Given records

==*==

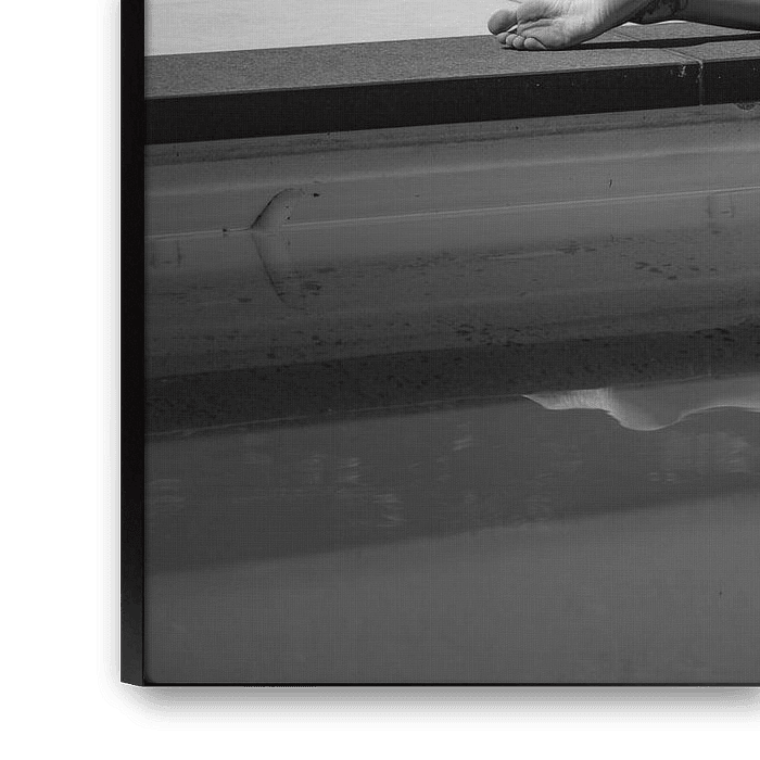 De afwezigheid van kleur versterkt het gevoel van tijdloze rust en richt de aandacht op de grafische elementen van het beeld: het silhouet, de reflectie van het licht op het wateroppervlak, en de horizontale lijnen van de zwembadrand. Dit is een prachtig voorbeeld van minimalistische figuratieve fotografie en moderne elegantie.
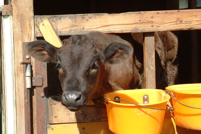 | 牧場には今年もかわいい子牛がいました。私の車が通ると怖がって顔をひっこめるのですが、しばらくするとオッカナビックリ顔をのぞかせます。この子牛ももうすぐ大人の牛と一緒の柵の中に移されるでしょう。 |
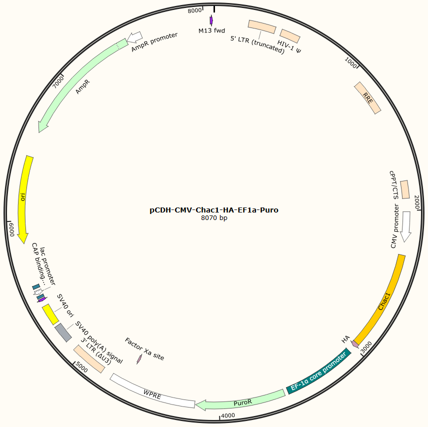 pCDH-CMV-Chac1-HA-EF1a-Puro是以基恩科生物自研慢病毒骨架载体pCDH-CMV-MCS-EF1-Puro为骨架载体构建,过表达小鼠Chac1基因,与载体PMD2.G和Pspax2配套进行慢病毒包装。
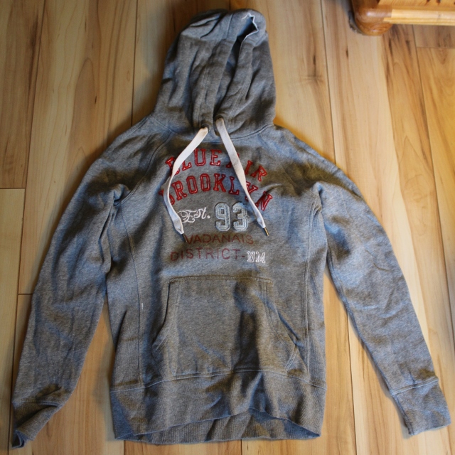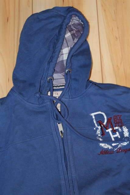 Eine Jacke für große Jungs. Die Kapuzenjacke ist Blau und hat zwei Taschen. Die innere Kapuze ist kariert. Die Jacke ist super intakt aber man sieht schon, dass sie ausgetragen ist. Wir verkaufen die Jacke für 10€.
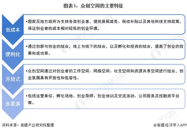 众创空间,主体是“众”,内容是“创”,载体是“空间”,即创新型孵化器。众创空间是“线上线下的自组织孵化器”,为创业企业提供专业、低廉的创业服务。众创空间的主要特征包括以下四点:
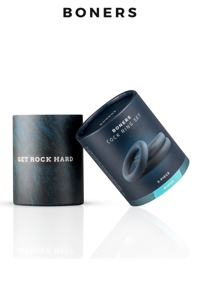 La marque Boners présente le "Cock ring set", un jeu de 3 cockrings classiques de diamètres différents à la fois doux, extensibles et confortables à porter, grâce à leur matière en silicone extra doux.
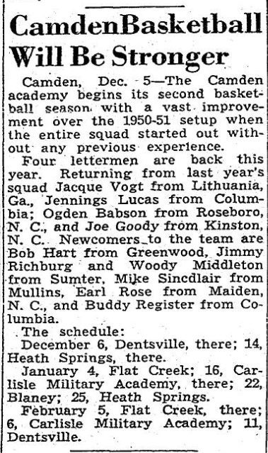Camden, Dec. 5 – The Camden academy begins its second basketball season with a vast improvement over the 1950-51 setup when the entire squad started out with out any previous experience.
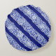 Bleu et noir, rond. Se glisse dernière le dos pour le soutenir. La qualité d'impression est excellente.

==*==

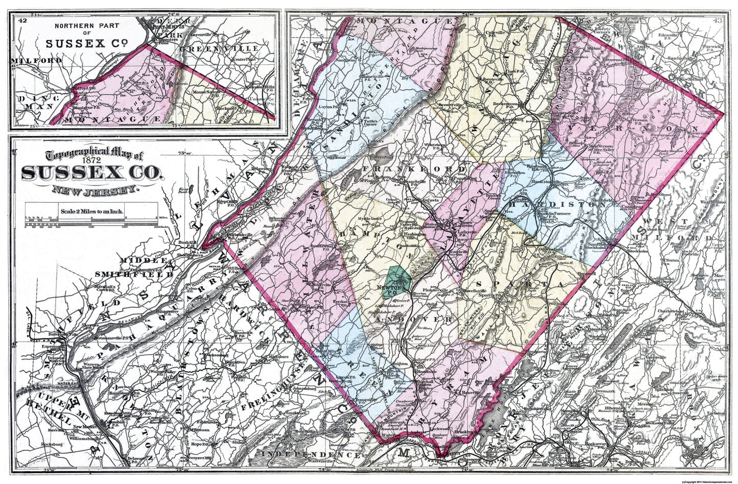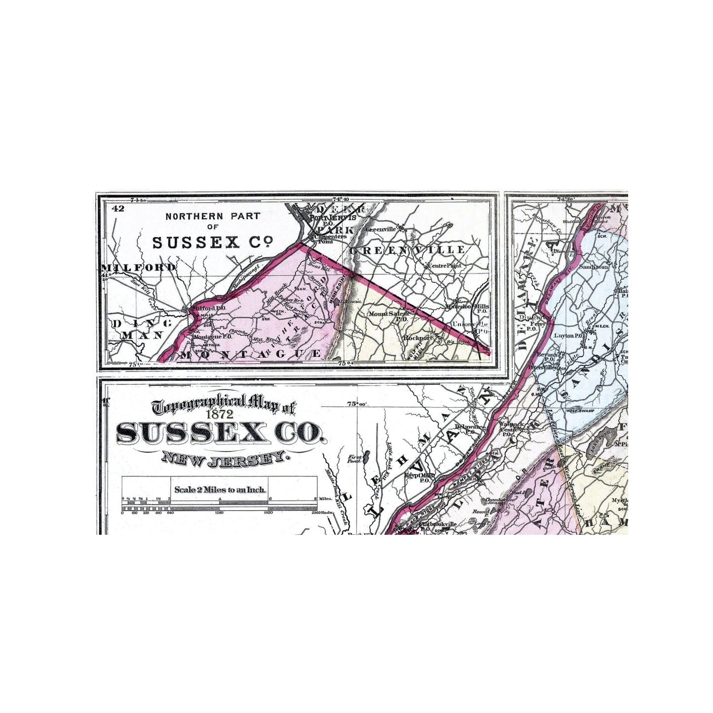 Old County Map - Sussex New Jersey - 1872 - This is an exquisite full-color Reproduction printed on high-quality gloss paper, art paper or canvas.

==*==

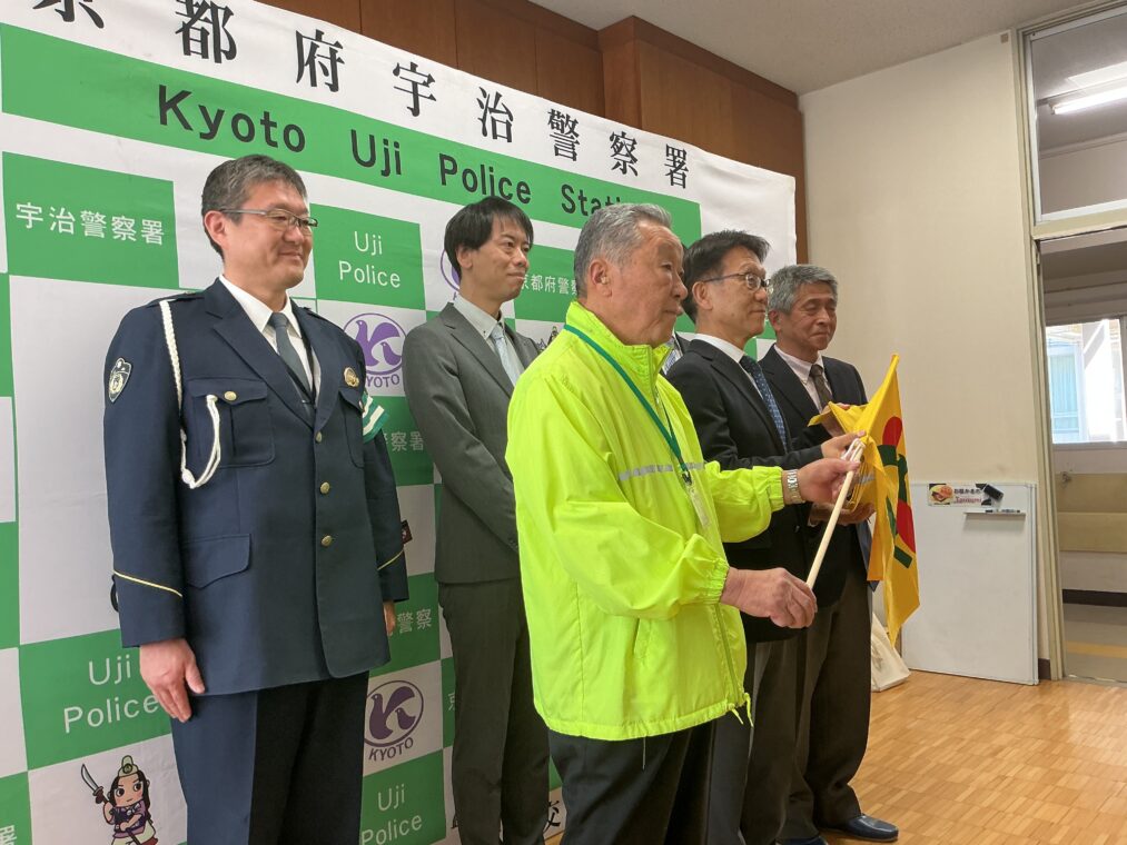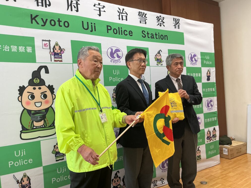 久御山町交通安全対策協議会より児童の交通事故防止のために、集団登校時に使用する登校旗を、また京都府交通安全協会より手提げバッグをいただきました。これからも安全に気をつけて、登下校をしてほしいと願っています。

==*==

Activity
Above are entries with pictures among them. Write out exactly the lines from the one containing "pCDH-CMV-Chac1" through the one containing "Camden, Dec. 5", ends included, and leave those pictures out.

Exercise response
 pCDH-CMV-Chac1-HA-EF1a-Puro是以基恩科生物自研慢病毒骨架载体pCDH-CMV-MCS-EF1-Puro为骨架载体构建,过表达小鼠Chac1基因,与载体PMD2.G和Pspax2配套进行慢病毒包装。
 Eine Jacke für große Jungs. Die Kapuzenjacke ist Blau und hat zwei Taschen. Die innere Kapuze ist kariert. Die Jacke ist super intakt aber man sieht schon, dass sie ausgetragen ist. Wir verkaufen die Jacke für 10€.
 众创空间,主体是“众”,内容是“创”,载体是“空间”,即创新型孵化器。众创空间是“线上线下的自组织孵化器”,为创业企业提供专业、低廉的创业服务。众创空间的主要特征包括以下四点:
 La marque Boners présente le "Cock ring set", un jeu de 3 cockrings classiques de diamètres différents à la fois doux, extensibles et confortables à porter, grâce à leur matière en silicone extra doux.
Camden, Dec. 5 – The Camden academy begins its second basketball season with a vast improvement over the 1950-51 setup when the entire squad started out with out any previous experience.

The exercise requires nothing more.